● Assignment
Set down the final stretch of the data, from the line that holds "Cho các kim" through the last line, both included, with pictures left out.

(Excerpts from a dataset)
########################################

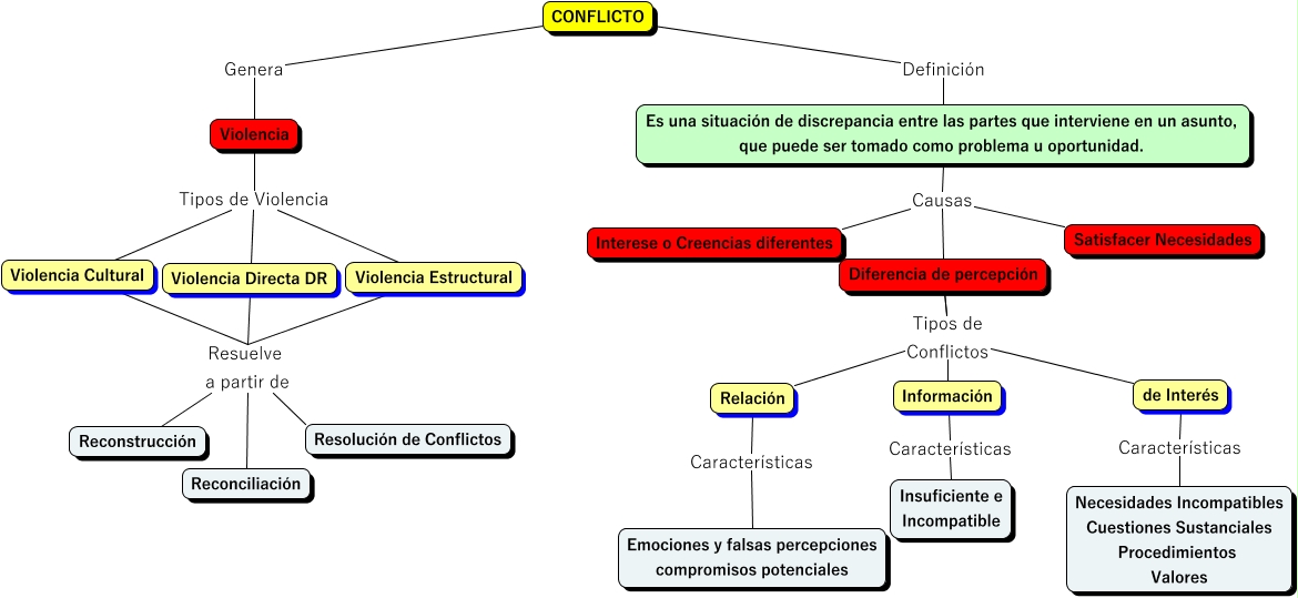 Este Cmap, tiene información relacionada con: TAREA 1 RECONOCIMIENTO TEORICO DEL CONFLICTO, Diferencia de percepción Tipos de Conflictos Información, Violencia Tipos de Violencia Violencia Estructural, Diferencia de percepción Tipos de Conflictos Información, Violencia Cultural Resuelve a partir de Resolución de Conflictos, Diferencia de percepción Tipos de Conflictos de Interés, Violencia Cultural Resuelve a partir de Reconciliación, Violencia Tipos de Violencia Violencia Directa DR, de Interés Características Necesidades Incompatibles Cuestiones Sustanciales Procedimientos Valores, Violencia Directa DR Resuelve a partir de Reconstrucción, Violencia Cultural Resuelve a partir de Reconstrucción, Es una situación de discrepancia entre las partes que interviene en un asunto, que puede ser tomado como problema u oportunidad. Causas Interese o Creencias diferentes, Violencia Tipos de Violencia Violencia Cultural, Violencia Estructural Resuelve a partir de Reconciliación, CONFLICTO Definición Es una situación de discrepancia entre las partes que interviene en un asunto, que puede ser tomado como problema u oportunidad., Diferencia de percepción Tipos de Conflictos Relación, Información Características Insuficiente e Incompatible, Violencia Directa DR Resuelve a partir de Resolución de Conflictos, Diferencia de percepción Tipos de Conflictos de Interés, Es una situación de discrepancia entre las partes que interviene en un asunto, que puede ser tomado como problema u oportunidad. Causas Diferencia de percepción, Violencia Estructural Resuelve a partir de Resolución de Conflictos
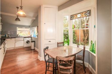 At the back of the ground floor is the stylish kitchen, beautifully decorated in shades of blue; with a lovely dining area in the side bay window, a Belfast sink under the rear window and a door leading out to the back garden.
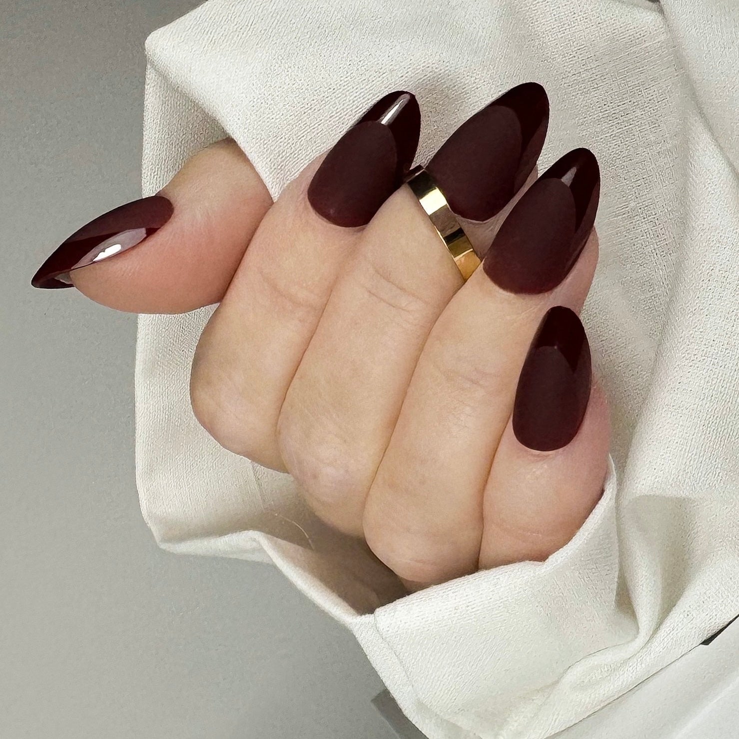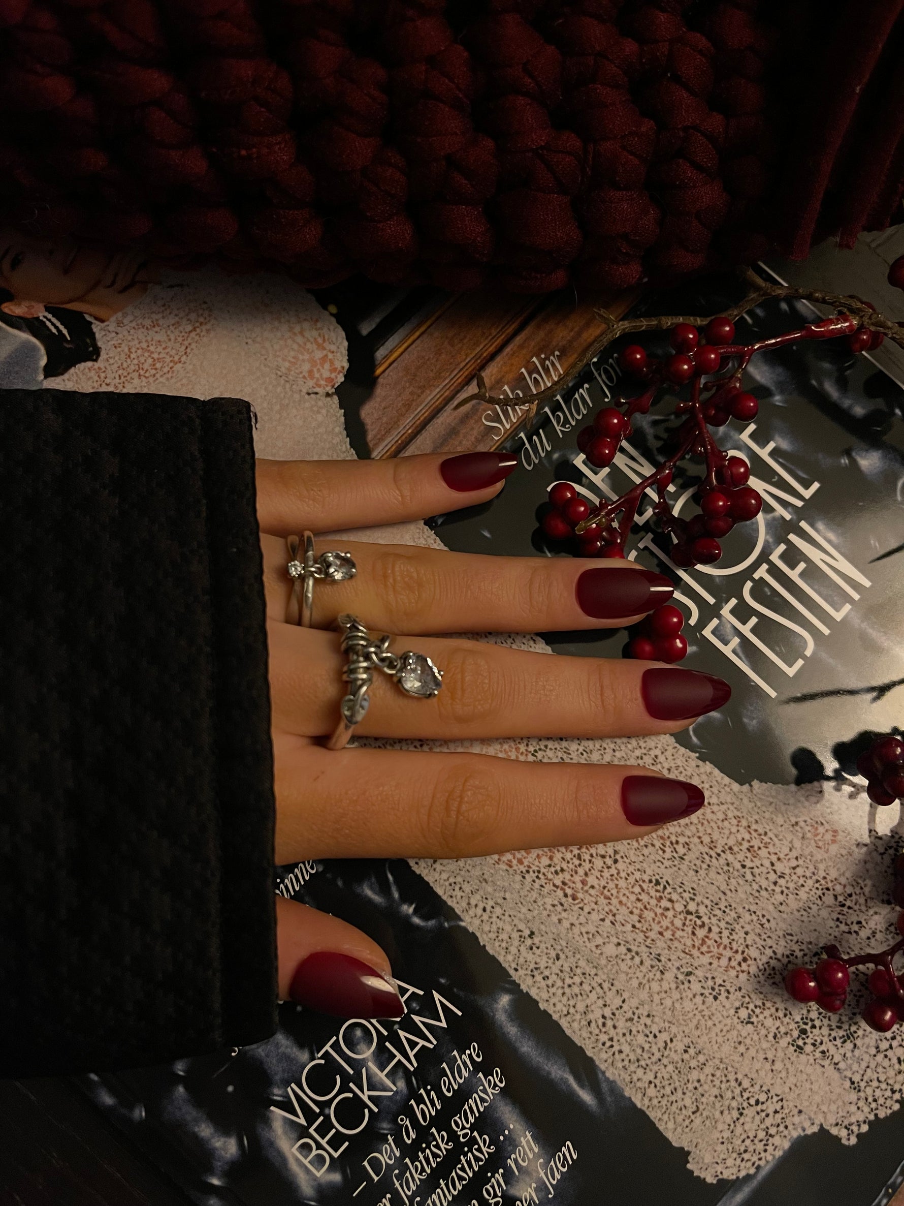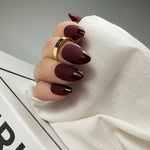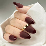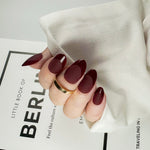 Midnight Merlot er en nydelig dyp burgunder farge. Med en kombinasjon av både glans, matthet og fransk design. Almond formen er en elegant og ganske allsidig form som forsterker det feminine og slanke uttrykket. Lengden er størrelse M.
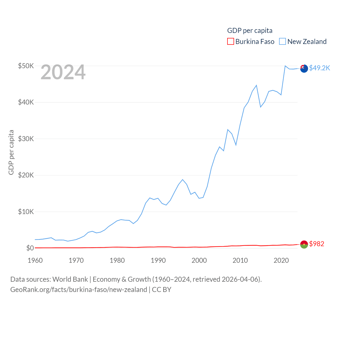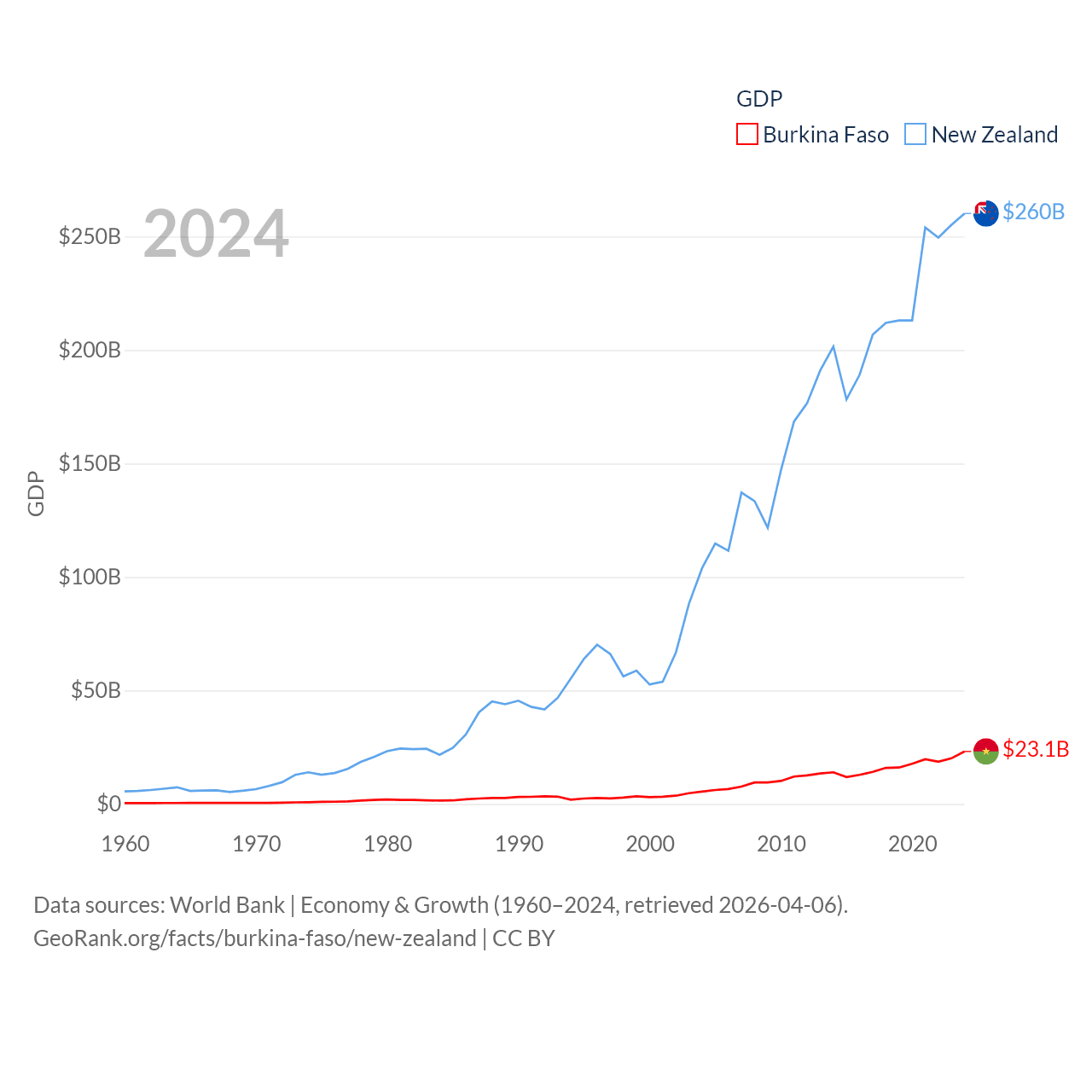 By GDP, Burkina Faso ranks 122/197 ($23.1B) and New Zealand ranks 52/197 ($260B). By GDP per capita, Burkina Faso ranks 180/197 ($982), while New Zealand ranks 26/197 ($49,205).
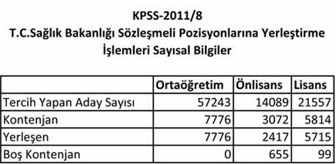 KPSS 2011/8 Sağlık Bakanlığı sözleşmeli pozisyonlara yerleştirme sonuçları açıklandı. buna göre tercih yapan 92889 adaydan 15908’i yerleşti. 754 kadro ise boş kaldı. adaylar yerleştirme sonuçlarını ÖSYM’nin http://sonuc.osym.gov.tr adresinden T.C kimlik numaraları ve şifrelerini girmek suretiyle öğrenebilecekler. ayrıca bir yerleştirme sonuç belgesi adayların adresine gönderilemeyecek. KPSS 2011/8 sözleşmeli pozisyonlara yerleştirme işlemlerine dair sayısal veriler şöyle;
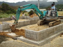 | 土台部分はほぼ終わったみたいです。 暫らく養生期間ということになるんでしょうか。 周りに砂利も入れてもらいました。 踏みしめると音がするので、来客があった時すぐにわかって良いんですよ。 雑草が生えにくいという利点もあります。 今日は風がかなり涼しく感じられます。 こちらに来る前は、四季があまり感じられないところだという印象でしたが、徳之島も確実に秋に向かっているんですね。 |
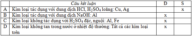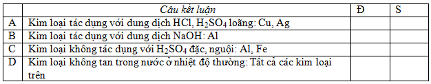 Cho các kim loại: Fe, Cu, Ag, Al, Mg. Đánh đấu x vào ô Đ nếu kết luận đúng và ô S nếu kết luận sai:
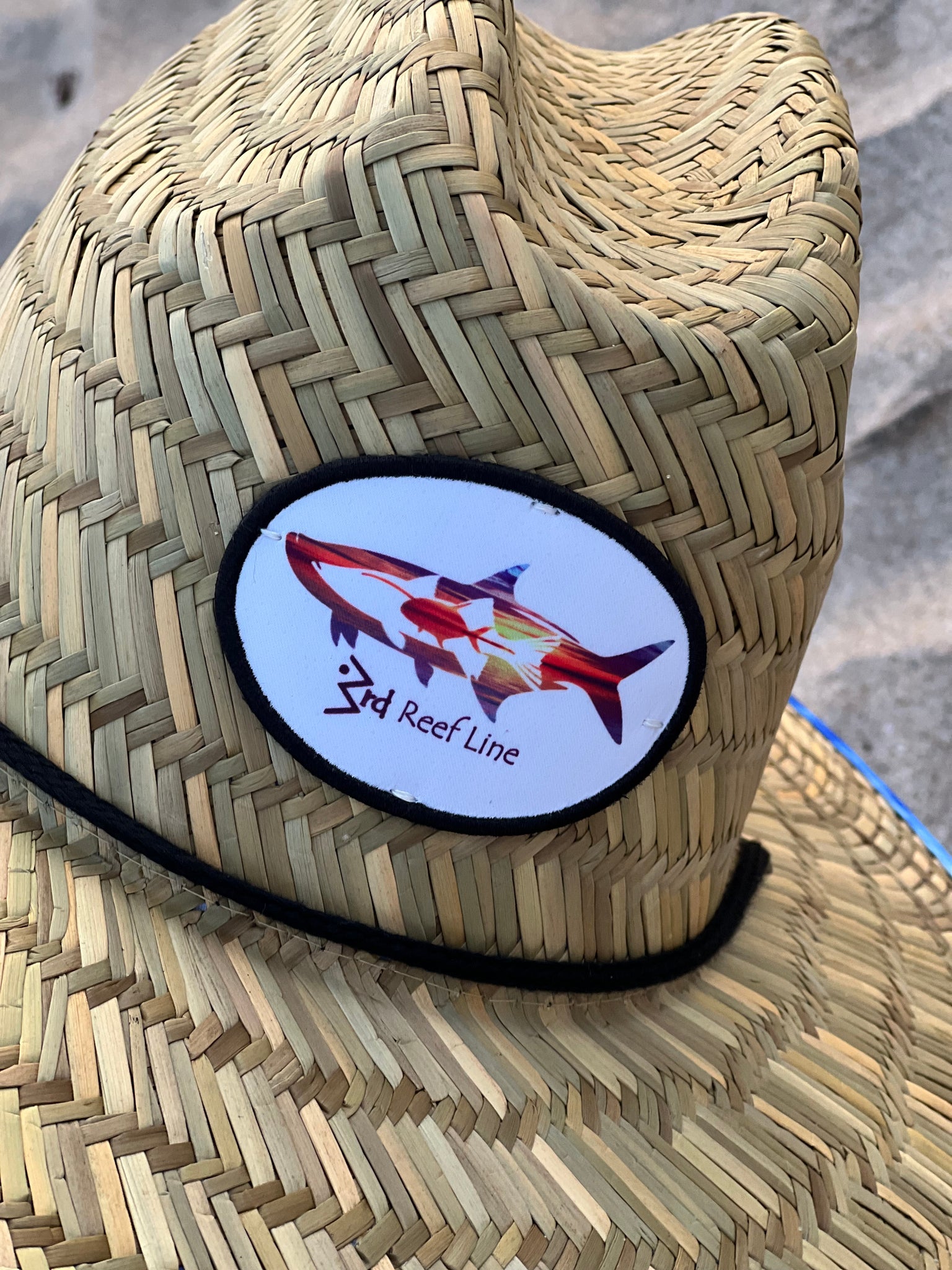 Materials: Straw hat with polyester sublimated under-brim, drawstring, and sewed patch
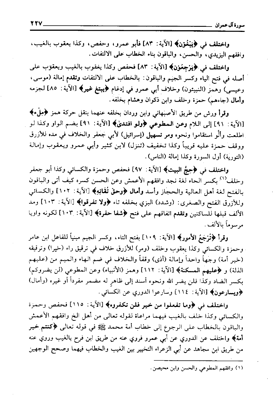 وقرأ "تُرْجَعُ الْأُمُور" [الآية: 109] بفتح التاء وكسر الجيم مبنيا للفاعل ابن عامر وحمزة والكسائي, وكذا يعقوب وخلف "ومر" للأزرق خلاف في ترقيق راء "خيرا" وترقيقه "خير أمة" وجها واحدا وإمالة "أذى" وقفا والخلاف في ضم الهاء والميم من "عليهم الذلة" و"عَلَيْهِمُ الْمَسْكَنَة" [الآية: 112] وهمز "الأنبياء" وعن المطوعي "لن يضروكم" بكسر الضاد, وكذا فلن يضر الله ونحوه, أسند إلى ظاهر له مضمر مفردا أو غيره "وأمال" "ويسارعون" [الآية: 114] وسارعوا الدوري عن الكسائي.
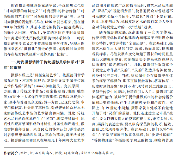 本文从消除对艺术“灵韵”的重塑、突破图像审美规范两个角度入手,通过论述图像视效、与大众审 美结合的必然性以及视觉心理学等多个层面,综合阐释时尚摄影对传统摄影美学体系的“怯魅”过程,探讨时尚 摄影审美逻辑对现代摄影美学体系的影响及其在时尚摄影创作中的作用。
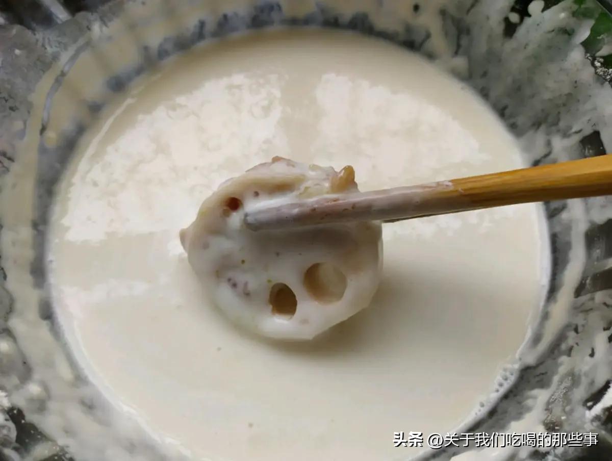 炸藕夾時,調麪糊記得不能只用麪粉,也不能只用澱粉,而且兩種都要用,再添加少許泡打粉,用啤酒調稀,最後加一勺油,就可以調出脆皮糊了。

########################################

● The completed task
 Cho các kim loại: Fe, Cu, Ag, Al, Mg. Đánh đấu x vào ô Đ nếu kết luận đúng và ô S nếu kết luận sai:
 Materials: Straw hat with polyester sublimated under-brim, drawstring, and sewed patch
 وقرأ "تُرْجَعُ الْأُمُور" [الآية: 109] بفتح التاء وكسر الجيم مبنيا للفاعل ابن عامر وحمزة والكسائي, وكذا يعقوب وخلف "ومر" للأزرق خلاف في ترقيق راء "خيرا" وترقيقه "خير أمة" وجها واحدا وإمالة "أذى" وقفا والخلاف في ضم الهاء والميم من "عليهم الذلة" و"عَلَيْهِمُ الْمَسْكَنَة" [الآية: 112] وهمز "الأنبياء" وعن المطوعي "لن يضروكم" بكسر الضاد, وكذا فلن يضر الله ونحوه, أسند إلى ظاهر له مضمر مفردا أو غيره "وأمال" "ويسارعون" [الآية: 114] وسارعوا الدوري عن الكسائي.
 本文从消除对艺术“灵韵”的重塑、突破图像审美规范两个角度入手,通过论述图像视效、与大众审 美结合的必然性以及视觉心理学等多个层面,综合阐释时尚摄影对传统摄影美学体系的“怯魅”过程,探讨时尚 摄影审美逻辑对现代摄影美学体系的影响及其在时尚摄影创作中的作用。
 炸藕夾時,調麪糊記得不能只用麪粉,也不能只用澱粉,而且兩種都要用,再添加少許泡打粉,用啤酒調稀,最後加一勺油,就可以調出脆皮糊了。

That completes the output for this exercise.